By Posted on 4 m read

Christmas is a time of indulgence, with crispy roast potatoes, juicy pigs in blankets, and boxes of moreish chocolates. You probably have your favourite tried-and-tested festive recipes to follow too, with lots of us following family traditions of making dishes in particular ways. But how about trying a new festive recipe this time round?

Clear your fridge freezer out to make room for your festive treats (wouldn’t it be handy to have a big Fisher & Paykel fridge at this time of year?), then roll up your sleeves to do a spot of Christmas cooking…

Cranberry sauce

Cranberry sauce out of a jar is absolutely fine, but once you’ve made your own, you’ll never go back. This recipe is just sweet enough, with plenty of depth of flavour and lots of zing:

Ingredients:

75g light brown soft sugar

250g fresh cranberries

1 orange, peeled and chopped

½ teaspoon mixed spice

A pinch of freshly grated nutmeg

A splash of port

Method:

Blend all of the ingredients together in a food processor until smooth. Taste, adding a little more sugar if you’d prefer it to be sweeter. Serve it cool, or as Nigel Slater suggests, gently heat it through and devour it warm alongside your roast turkey.

Mince pies

If there’s one thing that’s a whole more delicious when it’s homemade, it’s a mince pie. This recipe makes a batch of buttery, lightly spiced mince pies – perfect with a cup of tea or with a small glass of sherry on Christmas Eve:

Ingredients:

500g strong plain flour (and a little extra for dusting)

175g icing sugar

375g cold butter cut into cubes

Zest and juice of 1 large orange

500g mincemeat

1 egg, beaten

Method:

Heat your oven to 190C/170F/gas mark 5. In a food processor, combine the flour, icing sugar and butter until it forms fine crumbs. While the blade is running, add the zest and 3 tablespoons of orange juice. This will form clumps – add a little more of the orange juice to bring the pastry together.

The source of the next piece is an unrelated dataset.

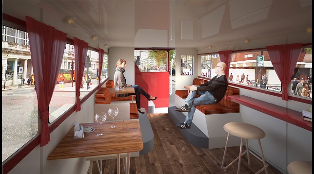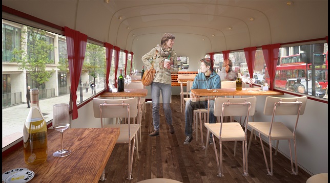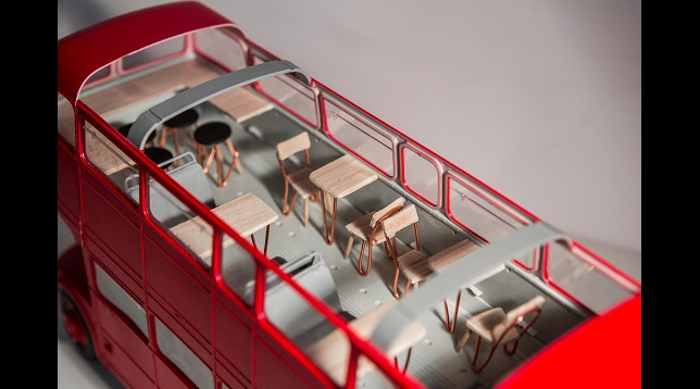 Proiectul ales asociază două tradiții din Marea Britanie și anume pub-ul englezesc și autobuzul roșu supraetajat tipic londonez. Routemaster este unul dintre cele mai reprezentative și frumoase vehicule din lume. Una din amenajările propuse este alcătuită din canapelele existente cu o structură metalică și tapițerie din material textil.

Press the pastry into a ball, then chill it in the fridge for 30 minutes or until firm. Roll out the pastry on a lightly floured surface until it is the thickness of a £1 coin. Cut 12 circles using a pastry cutter and lightly press each into a non-stick bun tin.

Re-roll the trimmings and stamp out 12 stars for the top – they should be just large enough for the points of the starts to touch the outer edge of the pastry cases.

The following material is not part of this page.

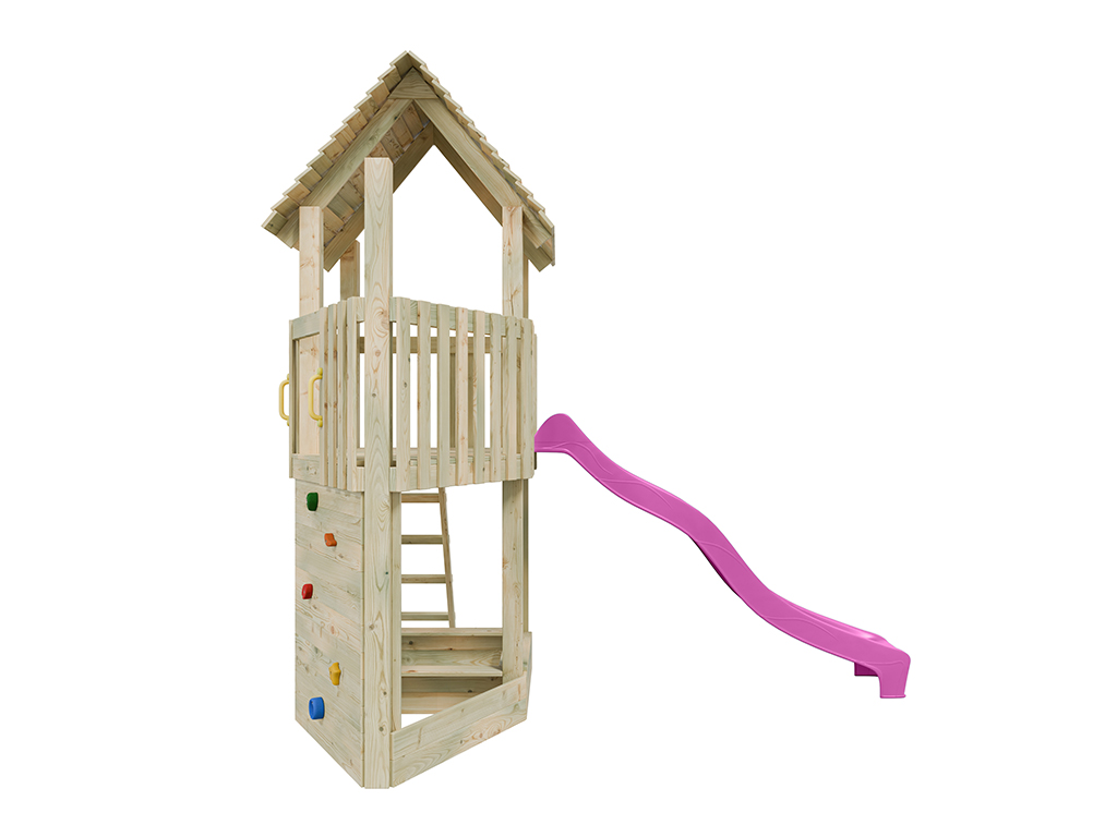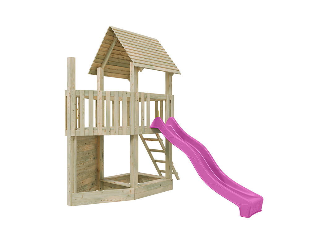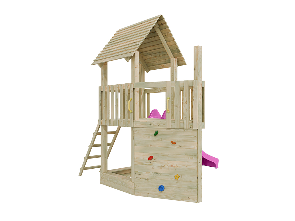 Aire de jeu en bois autoclave Ship Tower avec toboggan rose

Fill each round with 1 tablespoon of mincemeat, then lightly press a pastry star onto the top of each. Take care not to overfill the mince pies. Brush the top with egg and bake for 15 – 20 minutes until golden and crisp.

Festive cherry trifle

After a large Christmas dinner (and perhaps a second helping of roast potatoes), you’ll want a dessert that feels indulgent yet refreshing. This cherry trifle is exactly that – reduce the amount of cherry jam if you’d like it to be a little more tart, and see if you can resist dipping a spoon in it every time you walk past the fridge…

Ingredients:
450g cherries, de-stoned (reserve a few whole cherries for the top)

340g cherry jam

450g madeira cake

100ml kirsch

5 Amaretti biscuits, broken

300ml double cream

Method:

In a pan, cook the cherries and cherry jam over a medium heat for up to 10 minutes, until softened. Remove from the heat and allow to cool slightly.

Cut the madeira cake into 1cm-thick slices, spreading half the cake slices with the cherry jam. Sandwich the remaining cake slices and cut them in half.

Pour the kirsch into a shallow bowl, dip each sandwiched cake slice into the liqueur, then arrange into the base of the trifle dish. Line the edges of the dish, then fill the centre with the remaining sandwiches. Pour the remaining kirsch on top of the sandwiches, then spoon the cherries and juice from the pan on top of it all. Scatter over the broken Amaretti biscuits.

Pour over cool custard, whip the cream lightly and spread it over the top. Decorate with fresh whole cherries and chill for up to 24 hours before serving.

Will you be trying any of these delicious Christmas recipes this year? They’re all very straightforward to make, don’t require too much in the way of equipment and can simply be left in the fridge or in an air-tight container before being eaten; perfect when fridge space is at a premium.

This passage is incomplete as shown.